A joint report by PwC India & US-India Chamber of Commerce (USAIC) has revealed that India is emerging as a favourable destination to conduct clinical trials. The report was released at the USAIC BioPharma & Healthcare Summit held virtually on May 3.
“Clinical trial activity in India has been increasing steadily since 2014 due to several key regulatory reforms aimed towards global harmonisation, enabling open access to clinical trials in India. The country’s diverse population, combined with its rapidly advancing healthcare infrastructure, provides a fertile ground for clinical trials to flourish. This is an opportunity for top biopharma companies to develop a long-term strategy that focuses on the key enablers of innovation and strategic partnerships in India,” Sujay Shetty, Partner & Global Health Industries Leader, PwC, said in a statement.
According to the report, Biopharma can benefit from the critical enablers of innovation in the private healthcare system in India and leverage the rapidly expanding healthcare infrastructure in the country.
Key takeaways from the report:
- The private sector is a well-suited channel for the top biopharma to conduct more efficient clinical trials with easier and faster access to investigators and patients.
- Indian states with high disease prevalence (e.g., cancer) also have the most number of tier-1 cities, with advanced medical infrastructure and availability of investigators. Targeting these states can provide biopharma companies with faster access to patients, sites, and investigators
- Total number of investigators has increased by 2x between 2015 and 2020, with the majority of the increase occurring in the internal medicine and oncology specialisations. However, the growth in the number of investigators is largely restricted to tier-1 and 2 cities.
- While the top 20 pharma activity for the major therapy classes in India has remained largely constant in the last decade, growth opportunities exist across key diseases (e.g., pain, epilepsy, cervical cancer) and orphan diseases (β-thalassemia, Duchenne Muscular Dystrophy)
- India has an overall clinical trial participation of ~3% but contributes upwards of 15% to the global burden of most high prevalent diseases (e.g., respiratory infections, cardiovascular, diabetes, cervical cancer), representing an untapped potential for top pharma
- Top biopharma should align their strategy towards tier-1 cities (e.g., Mumbai, Delhi, Bengaluru, Chennai) where the higher bed capacity, number of doctors, and presence of tertiary care multi-city hospitals can support enablement efforts of running faster and more efficient clinical trials.

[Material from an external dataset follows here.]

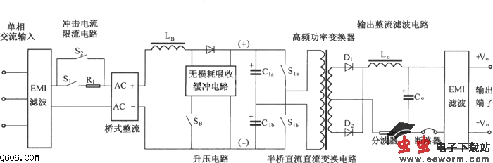 如图所示为简化了的DMA12主电路原理图。它主要由输入电路及电磁干扰(EMI)滤波电路、冲击电流限制电路、输入整流滤波电路、升压/功率因数校正电路及吸收回路、半桥功率变换电路、输出整流滤波电路等几部分组成。与DMA10比较,DMA12采用了单相输入,升压/功率因数校正方式和无损耗吸收缓冲电路,而半桥DC/DC功率变换及输出整流滤波部分则与DMA10一样。

However, Industry experts point out that there is still a lot to do for India in order to become the innovation hub as well as the clinal trial destination.

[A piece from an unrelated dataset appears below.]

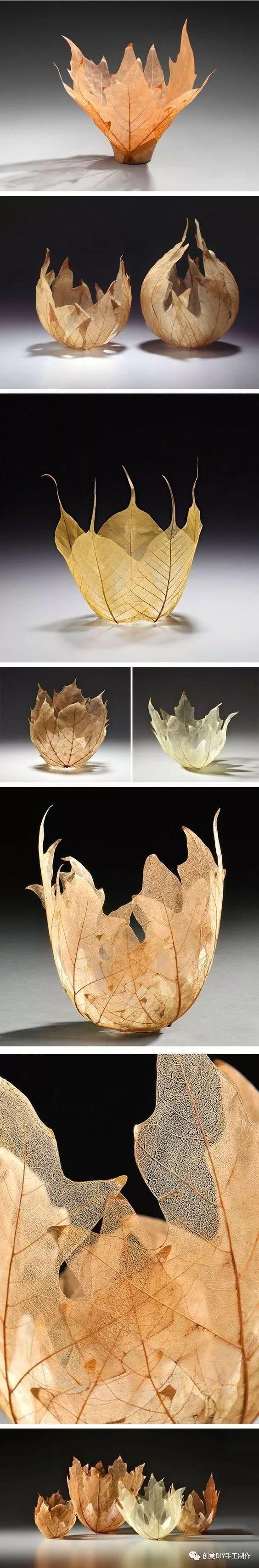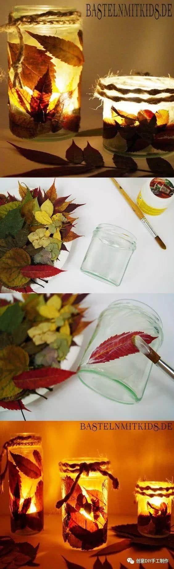 用枯叶制作个性烛台,简单、美观、实用,浓浓秋意。

Sanish Davis, President, Indian Society for Clinical Research told Financial Express.com that currently, India is not part of early clinical development work from any of the big innovators due to the turnaround that is required from regulatory, and ethics committees as well as the lack of dedicated sites which can do these complex studies.
“Providing enabling and predictable regulations to ensure that India has review and approval timelines in line with some of the advanced economies/regions/countries (USA, EU, SG, AUS, KOREA etc.). While the NDCT Rules states 90 working days, in reality the timeline overshoots the 90 working days timeline in majority of the cases making India unattractive for clinical development work (Phase I, Phase II etc. which require very quick review and approval),” Davis said.
Davis also pointed out that Clinical Trial needs to be encouraged as a care option in the therapeutic armamentarium of all clinicians. This will bring in the demand for innovation and also clinical trials to India, benefitting patients with unmet medical needs (Rare diseases, oncology, immunology, neurology etc.)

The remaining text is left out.